Inspiring literary spam is here
Who said “AI” ain’t good for naught? It turns out, there be a use case! In the recent months, I started receiving more and more digital spam in me inbox. But this time around, it’s spam with flavor. A twist. Lots of emails labeled “a powerful and inspiring catch phrase” + “title of one of my books”. These would be all styled in a cutesy (yet highly repetitive) way so as to supposedly grab my attention, but if you have more than a quarter of a mashed potato in your head, you can easily see this is pure computer-generated pseudo-marketing dross.

So what gives? Well, apparently Dietrich needs his adventures. Or my career books needs the audience it deserves! Take any of my books, run it through some LLM, get a book summary, and then use that as the opening volley for a marketing email, which is meant to awe and inspire me, and make me believe that YOU and only YOU can solve all my book sales problems, should I have any that is!
Funnily, long long time ago, I pitched the following idea: I would give any marketing wizard 50% of my book profits if they truly show they are as good as they say. In other words, no sale, no pay, much sale, much pay, very nice. A very honest proposal, you would say, no? Alas, not a single soul answered the call, probably because they weren’t so sure they could cast the necessary magic, I guess. Or something. It doesn’t matter.

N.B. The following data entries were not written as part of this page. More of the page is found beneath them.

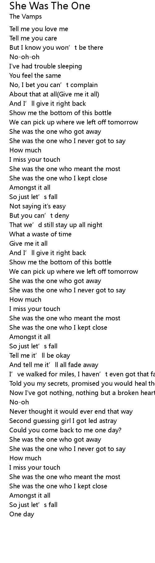 | [00:53.83] | She was the one who I never got to say |
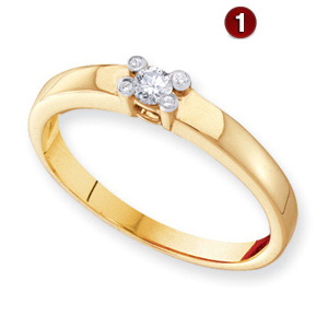 Choose polished 14k white or yellow gold. This ring offers stone personalization for 1-4 round gemstones. Each prong-set gemstone is 2.75mm in diameter. Choose simulated or genuine gemstones. Made in USA. Both genuine and simulated stone rings have diamond accent stones [.01 ct tw, I1 clarity, G-I color].
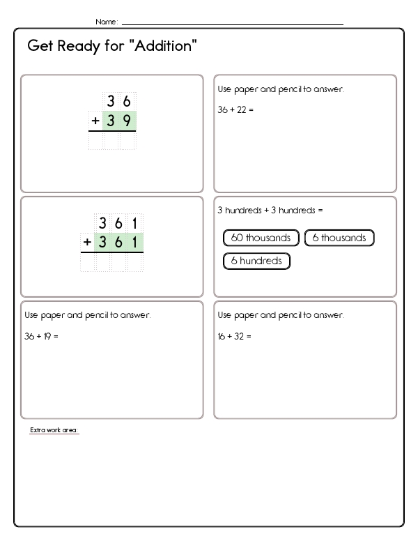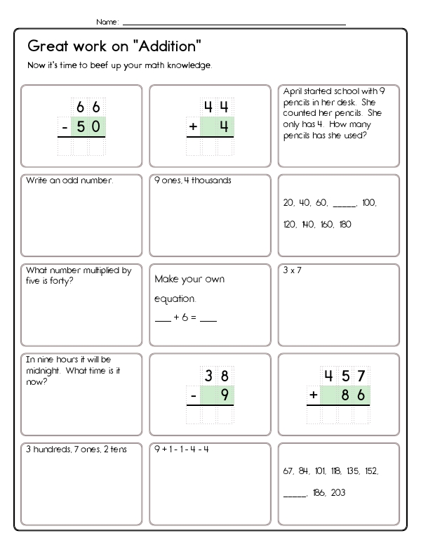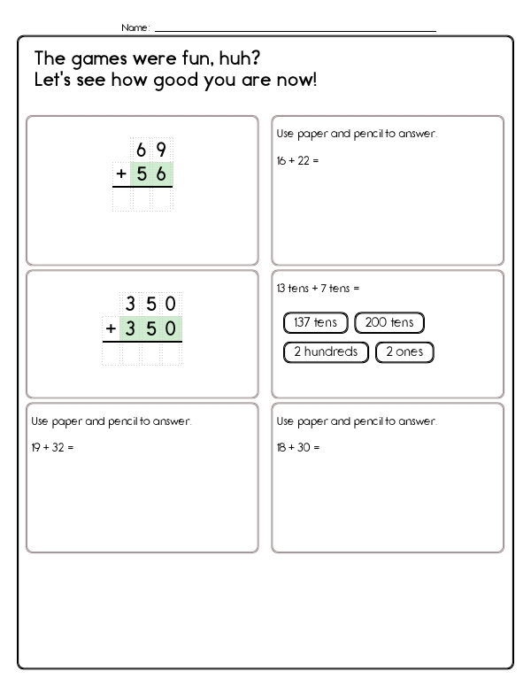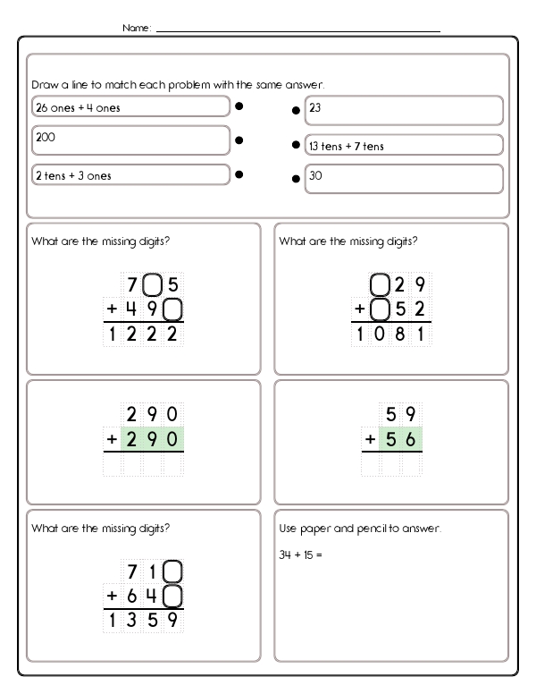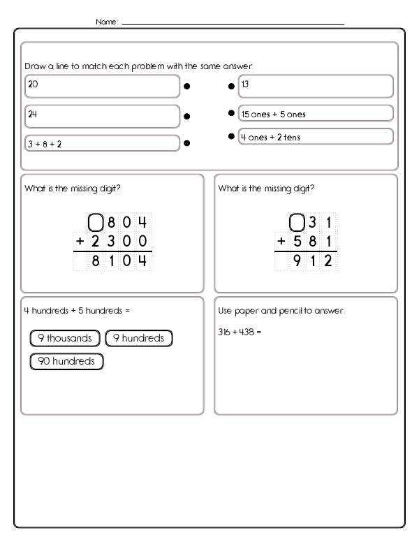 This math assessment workbook provides students with practice in adding small numbers mentally, selecting appropriate math vocabulary (sum, difference, estimate), and applying place-value understanding to round two- and three-digit numbers to the nearest ten or hundred. Each problem asks children to perform single-step or short multi-step calculations (e.g., "round 572 to the nearest ten, then add 20") and to pick reasonable estimates. This workbook is bursting with a mix of vertical problems, tantalizing missing digits, and easy-to-follow addition equations.
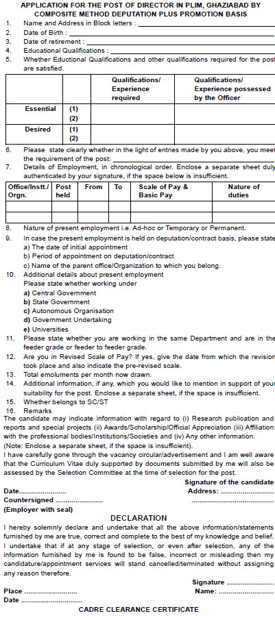 Applications are invited in the given proforma for the post of Director (General Central Service, Group 'A', Gazetted Non- Ministerial) in Pay Band-3 Rs. 15600-39100 + Grade Pay Rs. 7600/- for Pharmacopoeial Laboratory for Indian Medicine Ghaziabad by Composite method deputation (including short-term contract) plus promotion.

But here we are. This is but a brief article meant to amuse you, nothing more, nothing less. Once upon a time, writing “personal” marketing email was semi-hard. The person drafting the email had to actually bother doing a modicum of research, or at least try hard making a unique impression, so the other party would sort of believe that it ain’t just spam. Now, the machines give us all a fresh take on the bland foot-in-the-door nonsense. The thing is, if you read such emails, and all you see is your own backcover text reflected at you in a reworded manner, you can easily tag the material ash AI-generated spam, and toss it away. The machines still have a way to go to be able to convince cynics and skeptics like me. From your favorite author, farewell.